CVE-2026-24160 Overview
CVE-2026-24160 affects NVIDIA TensorRT-LLM (TRT-LLM) on all supported platforms. The vulnerability stems from an unchecked return value that leads to a null pointer dereference [CWE-690]. A local attacker can trigger this condition to crash the TensorRT-LLM process, resulting in denial of service. Exploitation requires local access and user interaction, which limits the practical attack surface. The flaw does not expose data confidentiality or integrity, but availability impact is high because the affected inference runtime terminates abnormally. NVIDIA published an advisory and a corresponding fix through its support portal.
Critical Impact
Successful exploitation crashes the TensorRT-LLM runtime, disrupting large language model inference workloads on affected NVIDIA platforms.
Affected Products
- NVIDIA TensorRT-LLM (all platforms)
- nvidia:tensorrt_llm component across supported releases
- AI inference workloads built on NVIDIA TRT-LLM
Discovery Timeline
- 2026-05-20 - CVE-2026-24160 published to the National Vulnerability Database
- 2026-05-20 - Last updated in NVD database
Technical Details for CVE-2026-24160
Vulnerability Analysis
The defect resides in NVIDIA TensorRT-LLM, a library that optimizes and executes large language model inference on NVIDIA GPUs. The code path invokes a function that returns a pointer but does not validate the return value before dereferencing it. When the underlying call fails and returns a null pointer, the subsequent dereference triggers a segmentation fault. The result is an abrupt termination of the inference process.
The Common Weakness Enumeration assigns this issue to [CWE-690]: Unchecked Return Value to NULL Pointer Dereference. The attack vector is local, with low complexity, no privileges required, and user interaction needed to deliver the malformed input or model artifact. Confidentiality and integrity are unaffected, while availability impact is high.
Root Cause
The root cause is missing validation logic between a function returning a pointer and the code that consumes that pointer. The caller assumes the allocation or lookup always succeeds. Under specific input conditions reachable by a local user, the call returns null, and the dereference faults the process.
Attack Vector
An attacker with local access loads a crafted model, configuration, or input into a TensorRT-LLM workflow. User interaction is required, meaning the victim must execute or load the attacker-supplied artifact within the TRT-LLM runtime. No elevated privileges are needed. The exploit yields denial of service rather than code execution. Because no proof-of-concept code or public exploit is available, no exploitation code example is included in this article. Refer to the NVIDIA Support Article for vendor-supplied technical detail.
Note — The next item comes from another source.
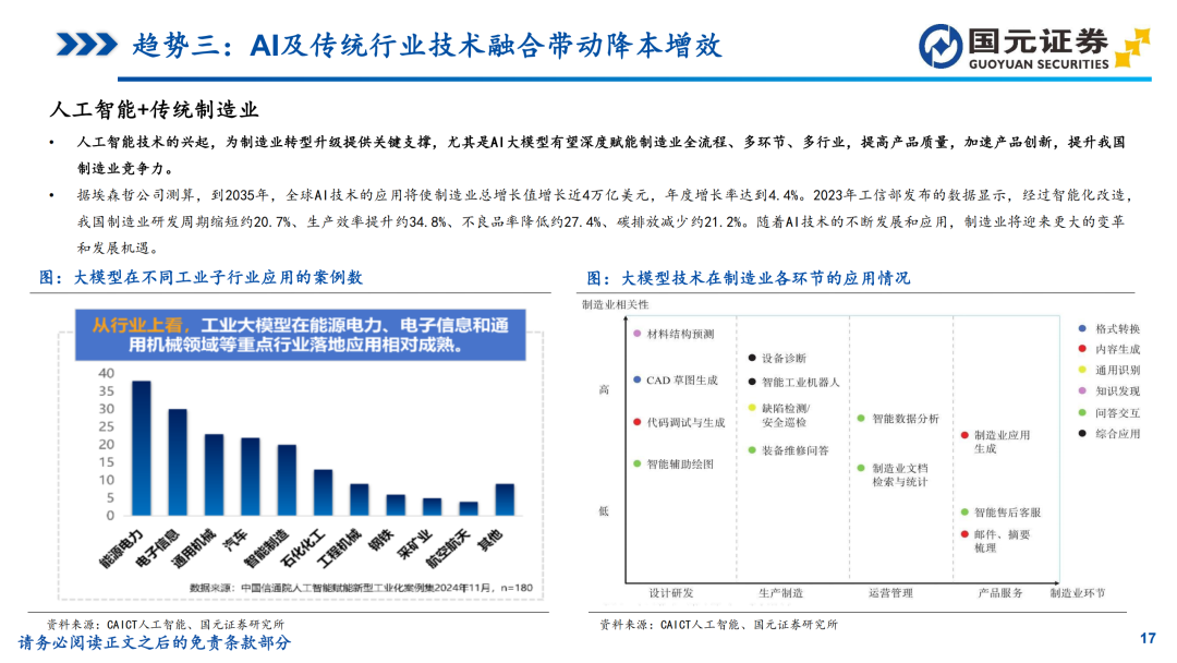 3)趋势三:AI及传统行业技术融合带动行业降本提效;

Detection Methods for CVE-2026-24160
Indicators of Compromise
- Unexpected segmentation faults or SIGSEGV signals terminating TensorRT-LLM processes
- Core dumps generated by TRT-LLM inference workers immediately after loading a user-supplied model or input batch
- Repeated process restarts of the inference service correlated with specific input artifacts
Detection Strategies
- Monitor host telemetry for abnormal termination of TensorRT-LLM processes and correlate with the user account that initiated the workload
- Inspect logs from AI inference orchestration platforms for crash loops tied to specific model files or prompt payloads
- Audit local users with access to TRT-LLM execution environments and review recently loaded model artifacts
Monitoring Recommendations
- Enable crash reporting and core dump collection on hosts running TensorRT-LLM
- Forward process termination events and GPU runtime errors to a centralized logging or SIEM platform
- Alert on repeated failures of the same inference worker process within short time windows
How to Mitigate CVE-2026-24160
Immediate Actions Required
- Apply the NVIDIA-supplied update for TensorRT-LLM referenced in the vendor advisory
- Restrict local access to systems running TRT-LLM to trusted users and service accounts only
- Validate the provenance of all model files and inference inputs before loading them into TRT-LLM
Patch Information
NVIDIA has published remediation guidance and patched builds. Consult the NVIDIA Support Article for affected versions and fixed releases. Additional references are available at the NVD CVE-2026-24160 Details and the CVE.org Record CVE-2026-24160.
Workarounds
- Limit which local users can submit models or inputs to TRT-LLM until patching is complete
- Run TensorRT-LLM workers under process supervision so crashes are contained and automatically restarted without service-wide impact
- Isolate inference workloads in dedicated containers or namespaces to reduce blast radius from a crashed process
Disclaimer: This content was generated using AI. While we strive for accuracy, please verify critical information with official sources.